While the world of WWE wrestling is scripted, occasionally real world comments intrude, and for some while before 2015 the organisation had been criticised for marginalising its female wrestlers via billing, terminology and air time. It culminated in a women’s bout at RAW 2015 being cut to thirty seconds, which sparked a wider campaign. Of course, how much of this was the WWE hijacking the cause for promotion will never be known. The result was a rebranding and greater prominence, as new women wrestlers were promoted to the main roster.

The focus for Dennis Hopeless and Serg Acuña telling this story is Bayley, who relates her career in hindsight, starting with her arrival in training camp where she first meets Sasha Banks, Charlotte Flair and Becky Lynch. Bayley has all the skills, but a fundamentally pleasant personality results in a naivety and when her friends join the main WWE roster, she’s not part of the package.
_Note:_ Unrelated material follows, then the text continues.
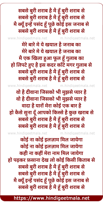 Lyrics of Sabse Buri Sharab Hai - सबसे बुरी शराब है

Hopeless runs with the nice guys finish last routine for much of the story, Bayley having that constantly reinforced despite an early intervention by WWE legend Dusty Rhodes advising she remain true to herself. It’s much the same pattern of putdowns being claimed for inspiration that we’ve seen in other WWE graphic novels, but here it feels as if the homilies and plot twists are more obviously ladling on the saccharine than previously. They’re also more manipulative, but that’s down to Hopeless having to follow the WWE plots.

As in the other WWE graphic novels, another artist steps in to spot Serg Acuña for some sequences, this time Kendall Goode, whose methods are less defined and more generic. Acuña supplies cartoon representations of the wrestlers instead of exact likenesses, and that works in defining them.

The best chapter is the last, where the plucky and likeable Bayley has to pick herself off the floor, and those who follow WWE knows where the story goes from there.